The cloud computing market is expected to grow at a faster pace in the coming years, with major players like Google, Microsoft and Salesforce.com getting geared up with increased cloud-based offerings. This means added competition for Amazon in the years ahead from players that already have a stronger presence in the market. Higher competition could force Amazon to reduce the license pricing of the technology infrastructure that it provides to developers.

Expansion into International Markets

Over the last few years, the percent of Amazon’s revenues coming from international markets has increased from 45% in 2007 to 48% in 2009. As Amazon expands into international markets in the future, there will be an increase in marketing expenses as the company positions itself to capture share in new markets. Since emerging markets are price sensitive in nature, Amazon will have to offer cost-effective solutions to attract customers. This could further reduce its margins in the future.

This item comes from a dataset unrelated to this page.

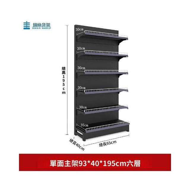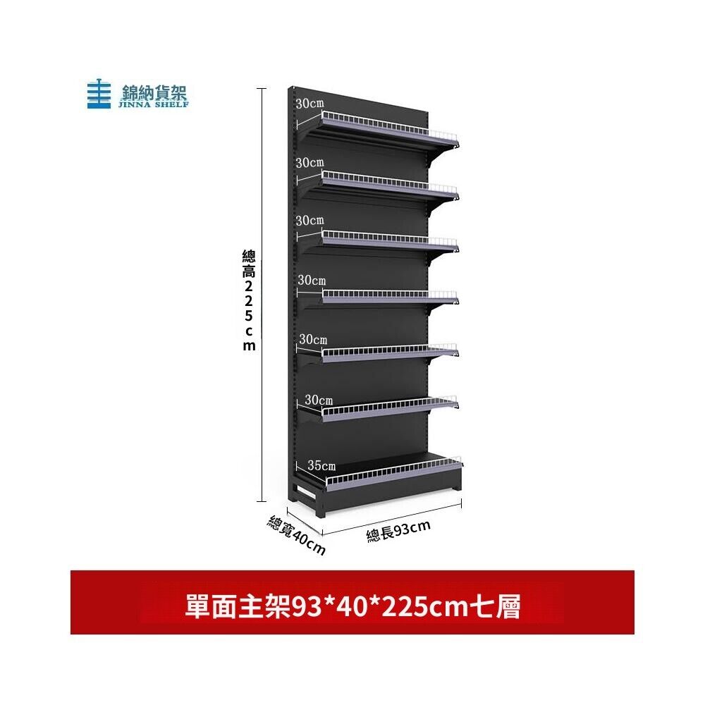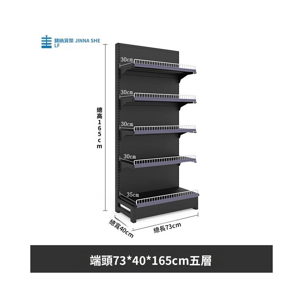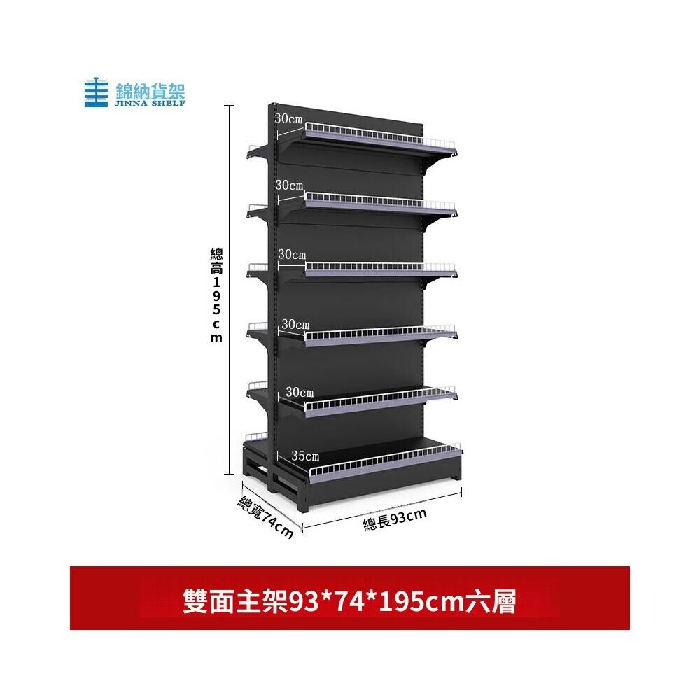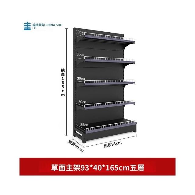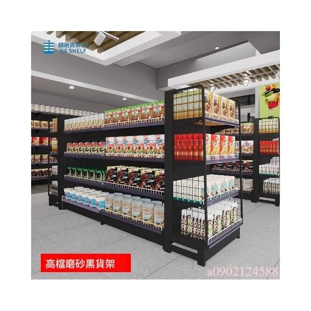 錦納磨砂黑超市貨架 帶護欄多功能鋼架 小賣部便利店展示架 單面雙面貨架 超市多層貨架 超大空間貨物收納架

Cloud & Other Web Services Represent Only 3 Percent of Amazon’s Stock Value

We estimate that Amazon’s cloud and other web services operations account for only 3% of the company’s stock value. The Trefis community forecasts that this segment’s operating margin will increase beyond 5% by the end of our forecast period, vs. our expectation for a gradual decline. While this divergence is notable, the numerical impact to our $182 price estimate is limited since this segment only represents an estimated 3% of Amazon’s stock value.

To see the impact of various web service operating profit margin scenarios on Amazon’s stock value, drag the trend line in the modifiable chart above.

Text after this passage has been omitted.